Non-Fiction: Rawhide Down by Del Quentin Wilber

While the assassinations of President John F. Kennedy and his brother Robert are still somewhat shrouded in mystery, more details about the 1981 attempted assassination of Ronald Reagan emerge as time goes on. As Pulitzer Prize-finalist and Washington Post reporter Del Quentin Wilber writes in the prologue to his new book, Rawhide Down: The Near Assassination of Ronald Reagan (Henry Holt), the broad outlines of the day -- John Hinkley Jr. firing six shots at Reagan as the recently inaugurated 40th U.S. president exited the Washington Hilton -- are well-known. The title comes from Reagan’s Secret Service code name, and the image of a cowboy Reagan, who walked into the hospital on his own two feet and joked to his wife, “I forgot to duck,” looms large in American culture. But insider knowledge has been parsed out sparingly over the years, and among those tidbits is the fact that Reagan actually came much closer to dying than we realized.

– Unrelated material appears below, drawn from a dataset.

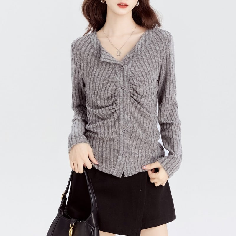 gather soft fit rib knit cardigan m1373

Based on fresh interviews, historical documents and records, Rawhide Down purports to be the definitive account of what happened on March 30, 1981. Wilbur chooses to focus just on the events of March 30, and while it makes the book short, it serves it well. However, I found myself wanting to know more about the aftermath and investigation into the shooting. Hinkley, such a focus of the book’s first half, all but disappears from view once he is arrested, with Wilbur instead choosing to highlight the doctors and hospital staff who saved the life of a president.

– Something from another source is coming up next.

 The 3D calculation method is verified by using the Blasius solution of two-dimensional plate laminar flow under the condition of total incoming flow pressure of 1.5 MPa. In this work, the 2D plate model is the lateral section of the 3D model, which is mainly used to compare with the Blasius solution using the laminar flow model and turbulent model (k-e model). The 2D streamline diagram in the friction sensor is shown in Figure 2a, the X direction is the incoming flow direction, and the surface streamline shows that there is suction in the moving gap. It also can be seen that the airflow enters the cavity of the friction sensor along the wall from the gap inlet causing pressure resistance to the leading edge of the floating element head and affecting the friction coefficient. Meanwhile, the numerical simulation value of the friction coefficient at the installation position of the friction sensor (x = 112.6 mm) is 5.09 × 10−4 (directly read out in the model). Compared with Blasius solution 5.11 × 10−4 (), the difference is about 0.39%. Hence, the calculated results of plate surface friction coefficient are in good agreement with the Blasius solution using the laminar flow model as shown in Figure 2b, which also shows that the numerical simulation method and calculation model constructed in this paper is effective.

Wilbur’s reporting on Hinkley makes up some of the most compelling sections of Rawhide Down. Rather than a cultural boogeyman or super-soldier in the shadows, the attempted assassin -- in Wilbur’s hands -- is shown as a human being. A wise decision. That’s not to say that the author shies away from showing Hinkley as anything but a sad, mentally unbalanced young man, obsessed with the film Taxi Driver and its star, Jodie Foster. One of the many revelations in Rawhide Down comes during Wilbur’s exploration of Hinkley’s fixation on Foster. For example, I knew that he was obsessed with her; I did not know that he moved to New Haven, Connecticut, and called her dorm room at Yale University in a scene reminiscent of that scene in Swingers. Much like author Dave Cullen does with his portrayal of mass-murderer Eric Klebold in Columbine, Wilbur leaves the reader with great sympathy for Hinkley -- that this was a youth in need of psychiatric care, angry and in his 20s, but not a psychopath. Not beyond saving.

The Hinkley section, however, is also where Wilbur falters in the writing of Rawhide Down. Throughout this book, but no more so than in the early chapters about Hinkley, Wilbur attempts to create a false sense of suspense. He describes Hinkley’s obsessions with Foster in broad, vague terms, obfuscating her identity. Wilbur is trying to make the moment of revelation that it is in fact Jodie Foster, Oscar nominee, into one of those stunning twists that, were this a 1940s suspense flick, might be punctuated by a “dun-dun-dun.” Perhaps Hinkley’s obsession with Foster isn’t as well-known as I think, but by the second time Wilbur tried hiding the fact that it’s Jodie Foster Hinkley’s thinking about, I exclaimed, “IT’S JODIE FOSTER, ALREADY!”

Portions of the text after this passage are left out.